Номер Оливии был внесен в память его телефона. Он нажал кнопку, подержал. Раздались звонки. Мэтт смотрел в окно и видел Ньюарк. Чувства к этому городу он испытывал смешанные. Ты ощущаешь его потенциал, живость, но по большей части в глаза почему-то бросается распад, и тогда ты удрученно качаешь головой. По некой непонятной причине вспомнился день, когда Дафф навестил его в тюрьме. Дафф начал лысеть, лицо красное, и походил на розовощекого младенца. Мэтт смотрел и молчал. Сказать ему было нечего.
Телефон произвел шесть гудков, затем включился автоответчик. Услышав оживленный голос жены, такой знакомый, Мэтт ощутил, как забилось сердце. Он терпеливо ждал, пока Оливия произнесет все положенные слова. И вот сигнал.
– Привет, это я, – сказал он. Голос звучал напряженно, побороть эту интонацию никак не удавалось. – Перезвони мне, когда будет свободная минутка, хорошо? – Он умолк. Обычно Мэтт заканчивал подобные сообщения неизбежным «люблю тебя», но на сей раз резко нажал кнопку и отключился.

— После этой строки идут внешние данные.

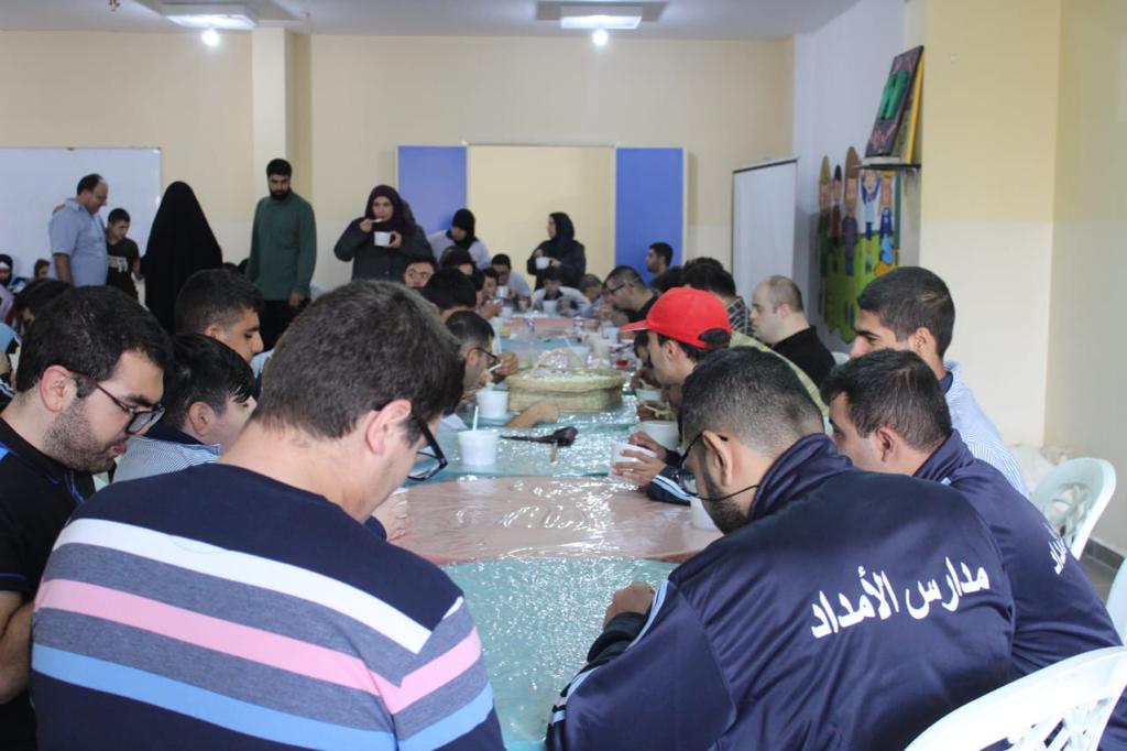 بمناسبة ذكرى أربعين الإمام الحسين(ع)، وبالتعاون مع ثانوية stars college – زبدين، وبحضور وفد من المواقع والقنوات الإعلامية، ضمّ الأستاذ سامر وهبي مدير مكتب الوكالة الوطنية للإعلام في النبطية، الإعلامي علي شبيب مراسل قناة المنار، الأستاذ علي عميص موقع جنوب لبنان، نظم مركز الإمداد للرعاية والتأهيل – النبطية - حاروف وليمة هريسة على حب الإمام الحسين (ع) وأهل بيته (ع)، وقد تخلل النشاط حلقات لطم لتلامذة المركز.

Он продолжал смотреть в окно. В тюрьме Мэтт сразу столкнулся с жестокостью и насилием, но тягостного впечатления они почему-то не оставили. Напротив. Это постепенно стало нормой. Через некоторое время Мэтту даже начали нравиться люди из «Нации арийцев», и он с удовольствием проводил часы в их компании. Один из вариантов стокгольмского синдрома. Выжить – это главное. Он изворачивался как мог, чтобы выжить. Все будет нормально. Именно это и заставило Мэтта остановиться.
Он думал о смехе Оливии. Как ее смех заставил его позабыть обо всем. Интересно, подумал он вдруг, был ли этот смех реальностью или еще одним жестоким миражом, который мог и погубить?